On lui rend hommage, à elle et à ses camarades, tel dans la péroraison du reportage du 25 juin de Stephan Priacel :
« Ah ! il ne fait pas bon être ‘de gauche’ dans la Roumanie de 1936. On a expulsé de la salle des séances, manu militari, deux correspondants d'un journal démocrate de Bucarest, coupable d'avoir publié sur le procès des articles ‘tendancieux’.
Le fait est que la simple relation des débats doit paraître invraisemblable ; débats où des accusées tombent en syncope, où pour un mot, des inculpés sont chargés de chaînes et n'ont pour toute protestation que la grève de la faim.
Débats où les avocats risquent gros à chaque mot qu'ils disent, mais où se révèlent chez les accusés parqués à vingt dans un enclos gardé par vingt soldats, baïonnette au canon, une abnégation et un courage dont la sérénité force le respect et, quoiqu'on leur ait reproché, l'admiration. »
On est ici bien loin – et pour cause ! – des qualificatifs employés dans le Bulletin périodique de la presse roumaine, lequel, le 9 juin 1936, disserte sur « l’espionne soviétique », ou « l’agitatrice Anna Pauker ». Ce dernier qualificatif, on le relève également dans le journal maurassien L’Action française, édition du 22 juin 1936, dans laquelle est vilipendé l’appel du Comité balkanique de France en faveur de Pauker, « c'est-à-dire qu'une bande de politiciens maçons et d'extrême gauche tâchent de s'immiscer dans les affaires de la politique intérieure roumaine ». L’antisémitisme gangrenant la Roumanie dont avait pu faire état le reporter Priacel ou ses confrères demeurés à Paris s’exprime sans fard dans cette presse d’extrême droite française, dont sans surprise Je suis partout, qui, le 15 avril 1938, consignera :
« La fameuse Anna Pauker, terroriste mise sous les verrous, est Juive, ainsi que toute sa bande. »
Le 7 juillet 1936, Anna Pauker est condamnée à dix ans de prison « pour activité communiste ». « Le scandaleux verdict contre Anna Pauker doit être annulé », titre le 9, L’Humanité.

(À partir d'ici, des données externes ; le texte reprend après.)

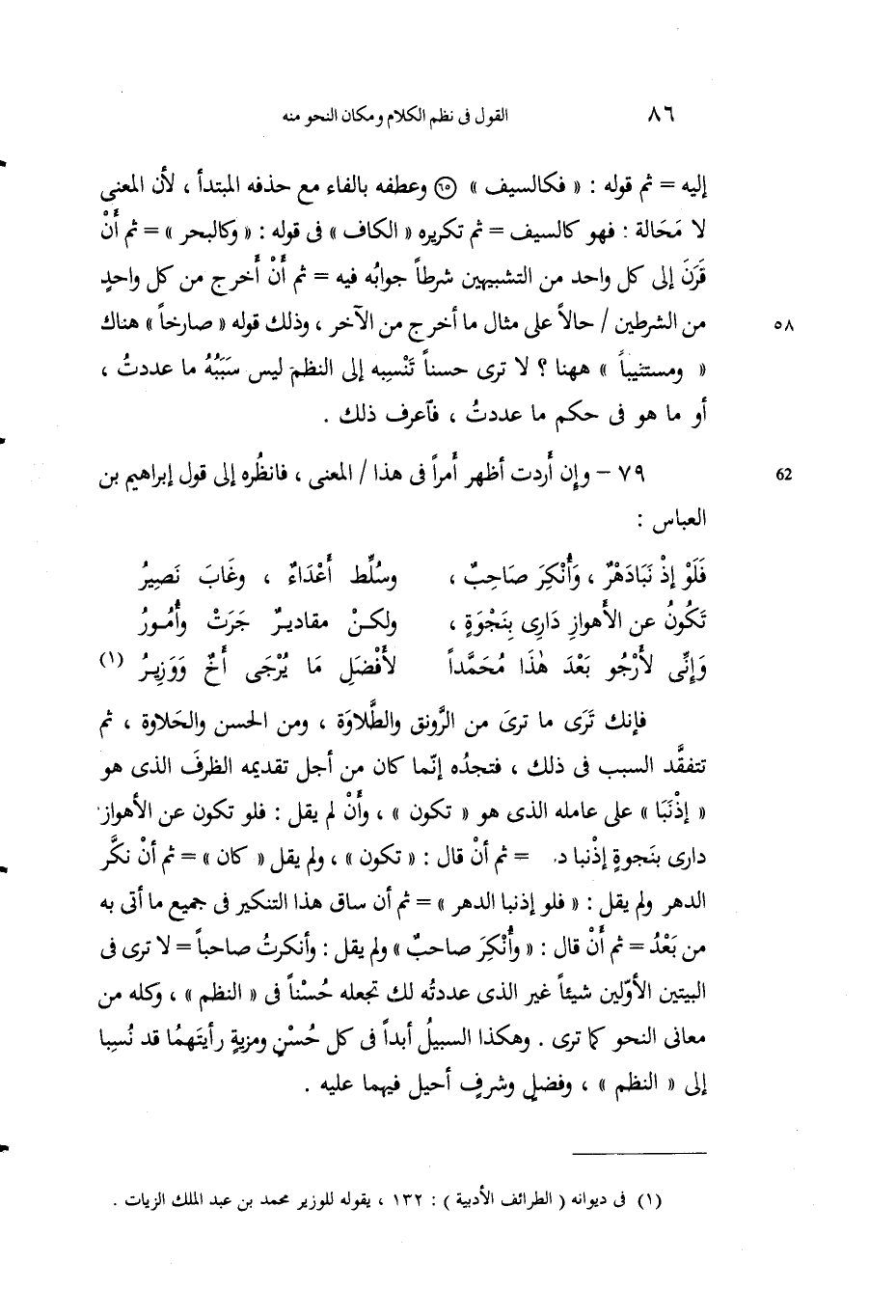 79 - وإِن أردتَ أَظْهرَ أمراً في هذا المعنى، فانظره إِلى قولِ إِبراهيمَ بنِ العَبّاس: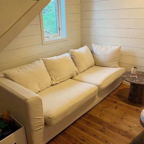 Godt brukt sofa i hvit, synlig brukt med nytt trekk i grått. Må hentes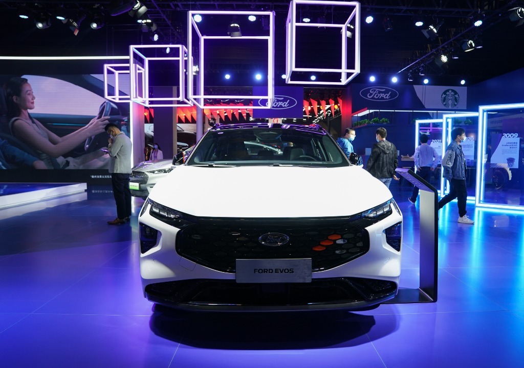 2021年11月5日在進(jìn)博會(huì)汽車展區(qū)拍攝的福特新能源汽車。新華社記者丁汀攝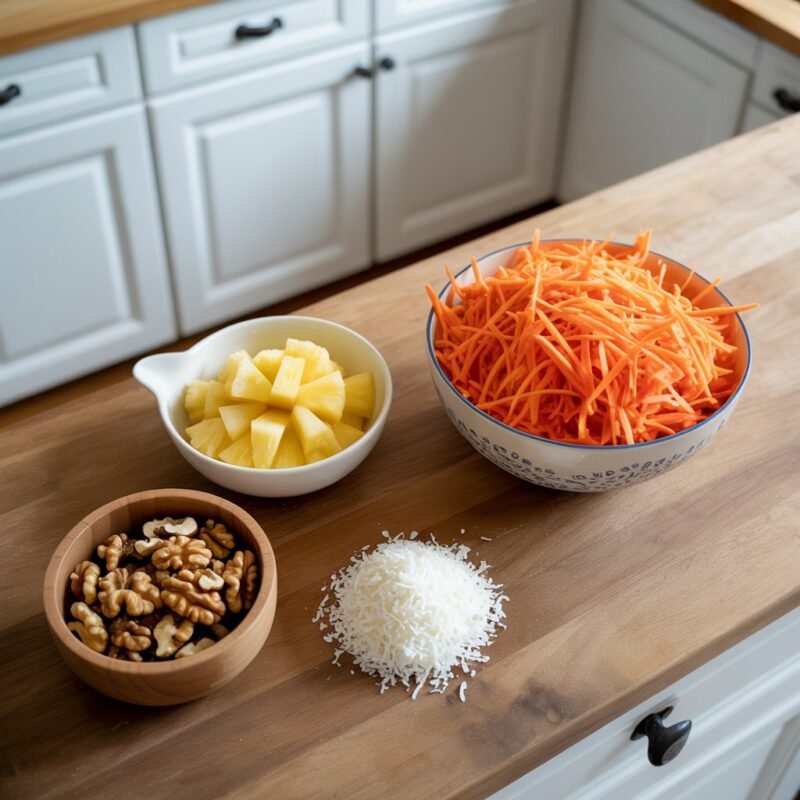 - Combine and Add Mix-ins: Stir dry ingredients into wet. Fold in carrots, drained pineapple, nuts, and coconut.

Elle ne sera libérée que bien plus tard, en 1940, lors d’une tractation entre des dirigeants roumains et soviétiques.
Commença alors une toute autre histoire, qui la mena du poste de ministre des Affaires étrangères roumaines en 1947 à son limogeage en 1952, où elle subit une campagne antisémite et xénophobe. Auparavant, la presse communiste française ne manquait pas de la saluer, Claude Morgan rappelant par exemple en septembre 1945 dans Les Lettres françaises la campagne pour sa libération, ce moment de ferveur militante où l’on s’écriait : « Sauvez Anna Pauker ». Une histoire révolue.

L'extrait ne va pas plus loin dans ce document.